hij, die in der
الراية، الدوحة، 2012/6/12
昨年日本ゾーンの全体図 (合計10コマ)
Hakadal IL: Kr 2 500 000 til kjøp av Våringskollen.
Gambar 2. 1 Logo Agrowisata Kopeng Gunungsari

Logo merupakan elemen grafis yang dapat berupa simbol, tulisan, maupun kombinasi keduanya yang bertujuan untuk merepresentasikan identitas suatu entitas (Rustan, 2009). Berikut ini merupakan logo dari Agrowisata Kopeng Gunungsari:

--

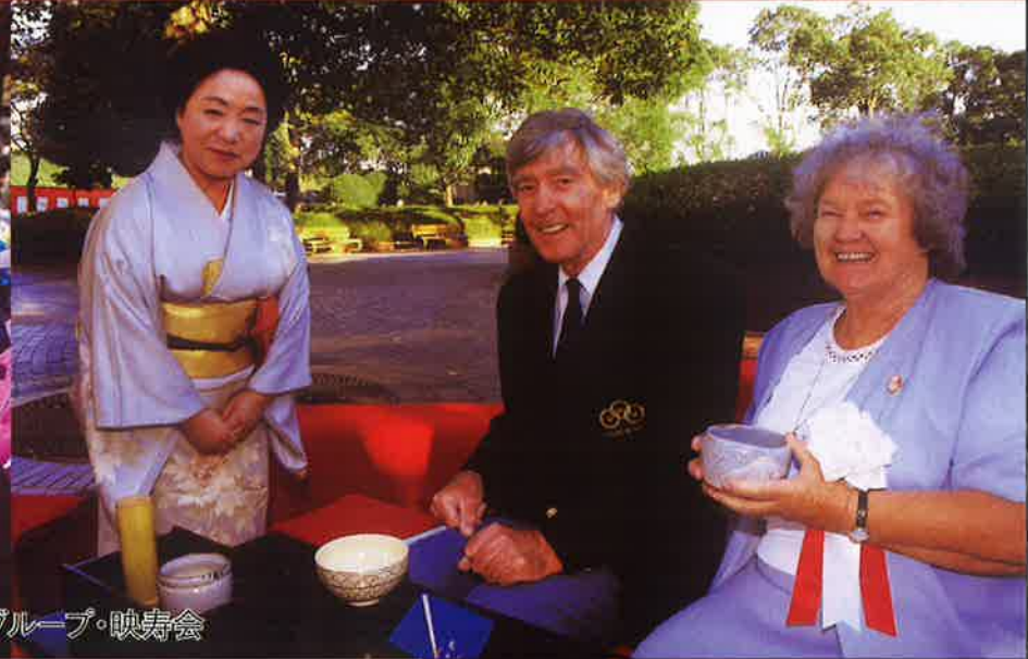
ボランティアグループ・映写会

Assignment.
Give back, word for word, only the lines above from the line holding "Gambar 2. 1 Logo Agrowisata Kopeng Gunungsari" to the line holding "Logo merupakan elemen", both included.

Response to this task.
Gambar 2. 1 Logo Agrowisata Kopeng Gunungsari

Logo merupakan elemen grafis yang dapat berupa simbol, tulisan, maupun kombinasi keduanya yang bertujuan untuk merepresentasikan identitas suatu entitas (Rustan, 2009). Berikut ini merupakan logo dari Agrowisata Kopeng Gunungsari:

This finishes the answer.